### Data records ###

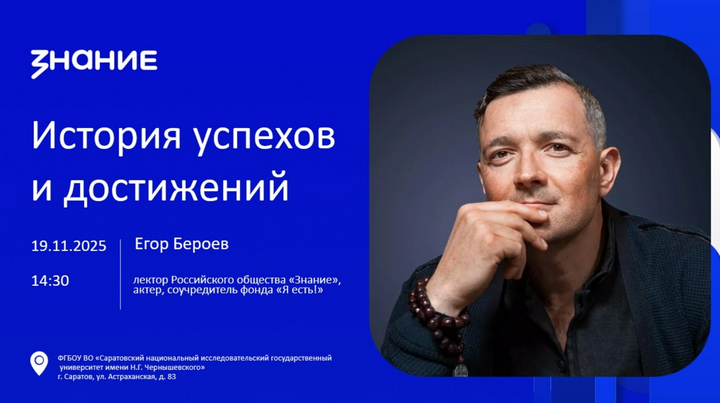 19 ноября лектор Российского общества «Знание», актёр, соучредитель фонда «Я есть!» Егор Бероев встретится с участниками Молодёжного съезда студентов. Мотивационная лекция пройдёт на площадке Саратовского университета.
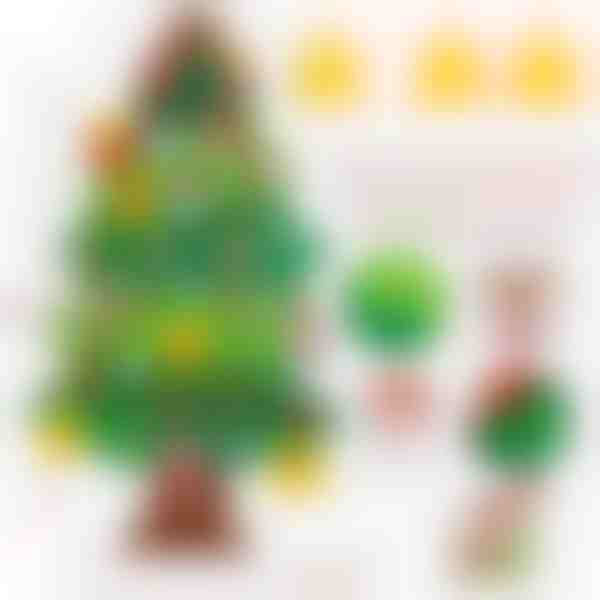 Izrađeni su od istog debelog, visokokvalitetnog filca. Pričvršćuju se ušivenim čičak trakama (za razliku od jeftinijih koje su samo zalijepljene). Primjeri uključuju zvončiće, poklone, snjegovića, lizalicu i pahuljice. Drvce ima zvijezdu za vrh i deblo za dno. Čičak je ušiven na drvce kako bi oba dijela čvrsto stajala.
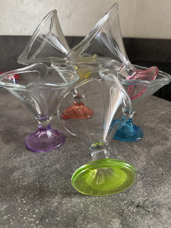 Новые, с разноцветными ножками, без коробки Вмісткі, глибокі, заміри на фото Италия Набор из 6 чашек Magnolya в цветном стекле, подходит для любого типа десерта, а также для аперитива. декора, можно мыть вручную и в посудомоечной машине.
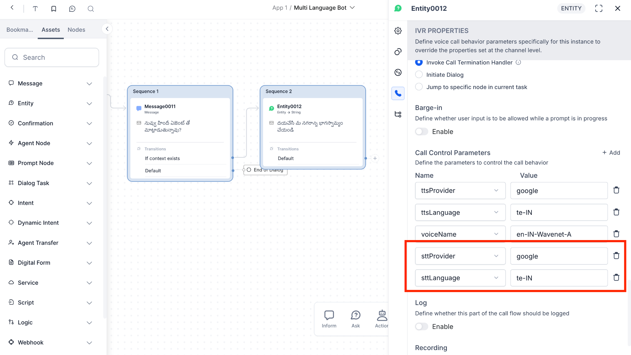 - In a specific Dialog Flow node (for example, a Message or Entity node), click the IVR Properties tab.
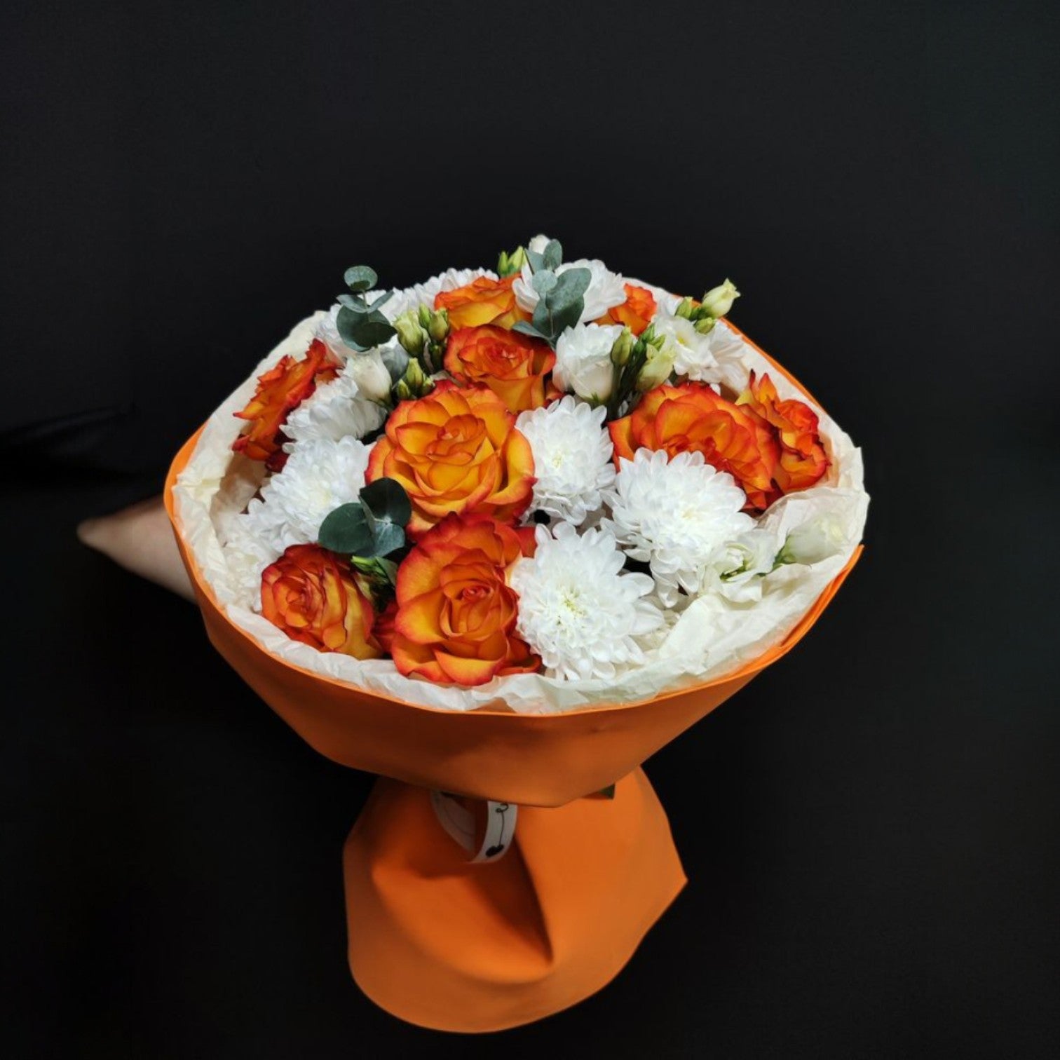 Includes: Orange roses, white chrysanthemums, white lisianthus, and eucalyptus accents
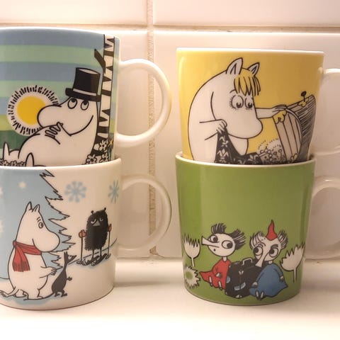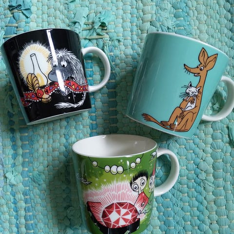 Arabian käyttämättömät, joskin tarrattomat, muumimukit Nipsu (tuotannossa 2008=>) ja Tuutikki (tuotannossa 2006-2015).
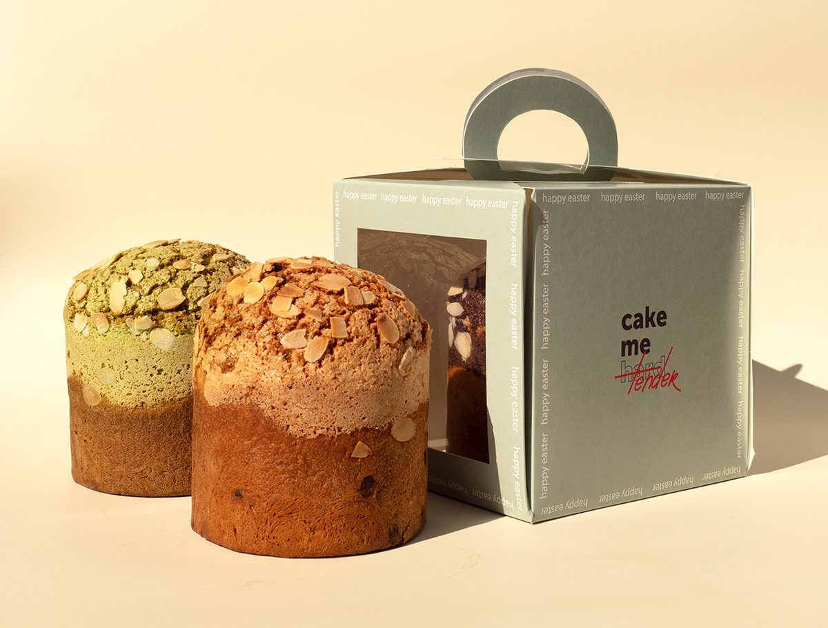 Изысканный кулич с чаем матча, добавлением темного шоколада и клубники под матча макаронадом.
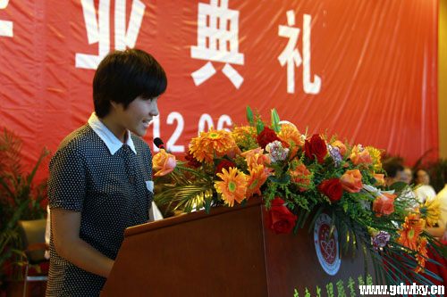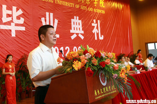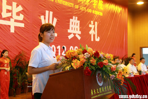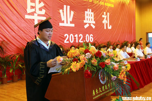 毕业生代表文迪在发言中说,三年前,稚气未脱的我们踏进了湛江现代科技职业学院的校门,而今当我们实习归来,学院已经教育部批准更名为广东文理职业学院,我们就荣幸的成为了首届毕业生,这无疑令每一个广文院人欢欣鼓舞。大学三年,我们学会了做人与做事,学会了分析与思考,学会了丰富与凝练,学会了合作与竞争,学会了继承与创新,也学会了如何不断超越、突破自我而成长。

###

**Problem to work on:** Nothing but the lines from the one that holds "Includes: Orange roses, white" through the end of the data should appear, written out exactly, without pictures.

**Solved exercise:**
 Includes: Orange roses, white chrysanthemums, white lisianthus, and eucalyptus accents
 Arabian käyttämättömät, joskin tarrattomat, muumimukit Nipsu (tuotannossa 2008=>) ja Tuutikki (tuotannossa 2006-2015).
 Изысканный кулич с чаем матча, добавлением темного шоколада и клубники под матча макаронадом.
 毕业生代表文迪在发言中说,三年前,稚气未脱的我们踏进了湛江现代科技职业学院的校门,而今当我们实习归来,学院已经教育部批准更名为广东文理职业学院,我们就荣幸的成为了首届毕业生,这无疑令每一个广文院人欢欣鼓舞。大学三年,我们学会了做人与做事,学会了分析与思考,学会了丰富与凝练,学会了合作与竞争,学会了继承与创新,也学会了如何不断超越、突破自我而成长。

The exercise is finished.